# The Best Suit in the UK under £1,000 is...



## Rossini (Oct 7, 2007)

... for quality and value for money, presumably off-row bespoke?

I assume because it would need to fit well, that would exclude worthy OTR efforts from the likes of M&S or Acquascutum. Or even Reuben Alexander, for example.

Zegna MTM can be expensive though it would be my reference point, Gieves MTM is not necessarily well regarded (for the price), other MTMs have varied reviews.

So, of the range of options out there, what would you choose today?


----------



## dfloyd (May 7, 2006)

*What about Ede and Ravenscroft?*

I've always admired the styling of their suits and sportcoats with hacking and ticket pockets. I can walk right into BB Regents and with sleeve adjustements, H&H shirts fit me well. If I go to the AAAC London event, I would like to try a couple of their suits. Any opinions from you London sartorilists about their suits and sportcoats? I don't feel I need MTM or bespoke, but would like something that looks really English.


----------



## Holdfast (Oct 30, 2005)

^ specifically to answer the comments about Ede, without making the claim that they're "best suit under £1000", which I think is a very difficult and possibly empty exercise to attempt.

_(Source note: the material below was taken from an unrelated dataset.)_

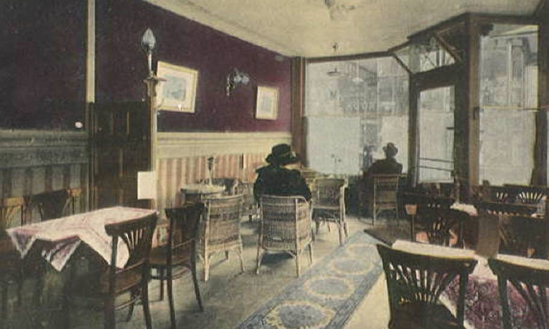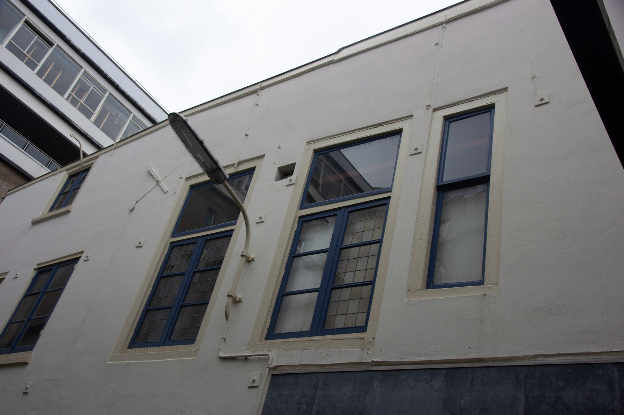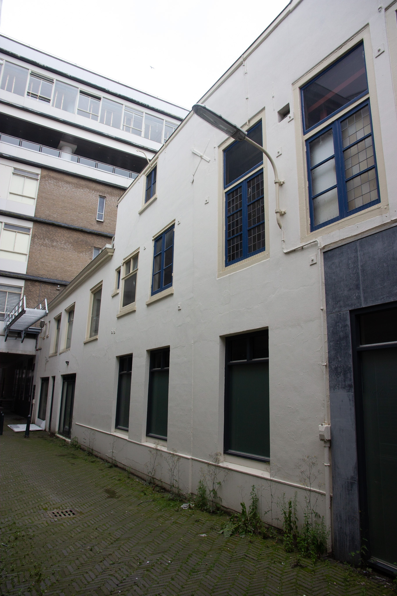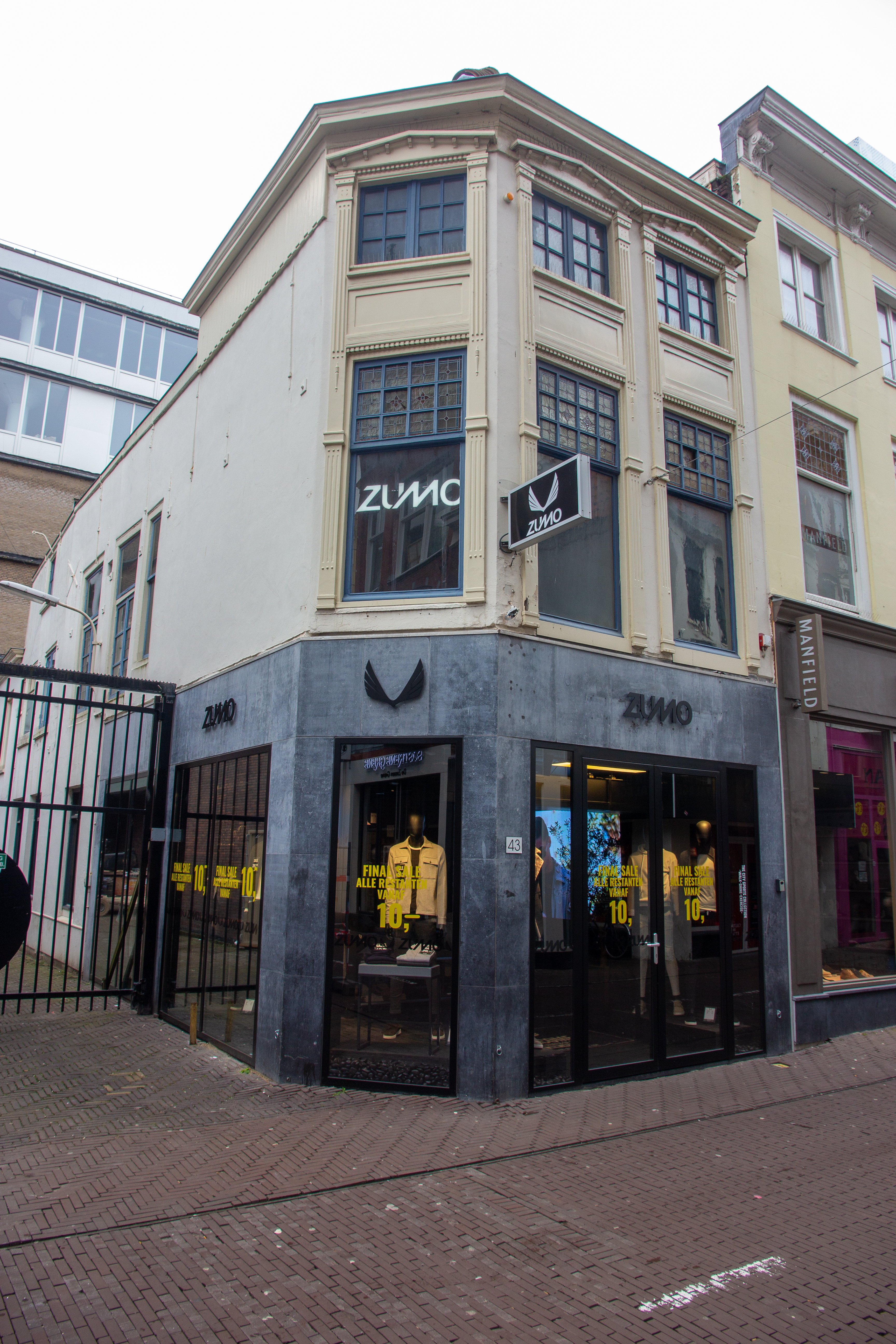 De gevel aan de Spuistraat is rond 1905 opgetrokken en bestaat uit drie traveeën, waarvan de hoek met de Voldersgracht is afgeschuind. De Spuistraat is al sinds de late middeleeuwen een straat waar bedrijvigheid en handel waren geconcentreerd. Rond 1850 doet het winkelconcept zoals wij dat nu kennen haar intrede en worden veel woonhuis- en bedrijfspuien in de bestaande bebouwing vervangen door winkelpuien. Zo ook bij Spuistraat 43. De voortschrijdende cityvorming van de binnenstad en daarmee het alsmaar belangrijker worden van de winkelfunctie voor de Spuistraat zorgt ervoor dat vanaf 1875 het merendeel van de oude panden wordt gesloopt. De nieuwe winkel-woonpanden laten de rijke schakering zien van de snel opvolgende architectuurstijlen vanaf 1875 tot aan het Interbellum.

Ede's MTM can be had for well under £1000 - closer to about £600 during their sales season. It's made by Wensum, like lots of the MTM from the Row, and is a very decent half-canvassed suit with a fair degree of customisation. The people measuring you will generally know what they're doing and you're likely to get decent, if often a bit conservative, advice. It will not be as good as good bespoke either in construction or fit, but is better than bad bespoke. 

If you're not massively different from an average normal shape but want a better fitting suit than RTW can offer, then I would say it is a good & competitively priced option in my opinion. Leaving aside the bargains I occasionally get RTW from Ralph Lauren, Ede MTM is my personal sub-1k suit of choice, though part of that is convenience of access.

The off-row bespoke operations have the potential to get you a better fit and a fully canvassed suit for sub-1k price. They also have the potential to go very wrong. A few have been discussed on the board in the past, but personal experience can still vary. Good luck with the search, hopefully you'll get some deeper responses soon.


----------



## Tonyp (May 8, 2007)

Unfortunately, being in the States and especially in Los Angeles, there is no SR or even an off row to look for a Bespoke tailor. You have to either try one from this forum or find one on your own. I have tried MTM from Brooks.( somewhat stisfied but not completely) I don't think they offer great fabrics or style and I tried Battistone MTM. I love the fabrics and the fit but I thought the price was ridiculous but paid it $4500.00. I will next try to get a MTM Oxxford suit somewhere here in LA. I think they start around $2700. To me MTM is a great way to go but the cost is high for a good fit and quality fabrics. OTR Brioni on sale fits me well but I don't get the selection I would like. I keep searching for a great fit and great fabric for $2000 or less.


----------



## Rossini (Oct 7, 2007)

Holdfast said:


> without making the claim that they're "best suit under £1000", which I think is a very difficult and possibly empty exercise to attempt.


Holdfast, I appreciate this of course (as well as your reply in general) and the idea is to collate members' views on what options are out there c. sub £1k. Clearly, there is no such thing as a definitive answer not least due to personal taste and style but I hope people will offer opinions and some favourites will emerge that I, for one, will try out over time.


----------



## Tonyp (May 8, 2007)

Rossini: 1K = $2000 approx. in the USA. I am always looking for that perfect suit (fit and fabric) for less than $2K. It is a work in progress. We need a sticky on each city that has great bespoke tailors and the prices they charge.


----------



## Holdfast (Oct 30, 2005)

Rossini said:


> Holdfast, I appreciate this of course (as well as your reply in general) and the idea is to collate members' views on what options are out there c. sub £1k. Clearly, there is no such thing as a definitive answer not least due to personal taste and style but I hope people will offer opinions and some favourites will emerge that I, for one, will try out over time.


Sure, I appreciate that and wasn't having a go at you or the topic.

Just that I suspect you'll collect a variety of positive opinions on lots of different makers (and possibly a small minority of negative reports on certain brands), but too small a sample size for any single maker to break the signal-to-noise ratio.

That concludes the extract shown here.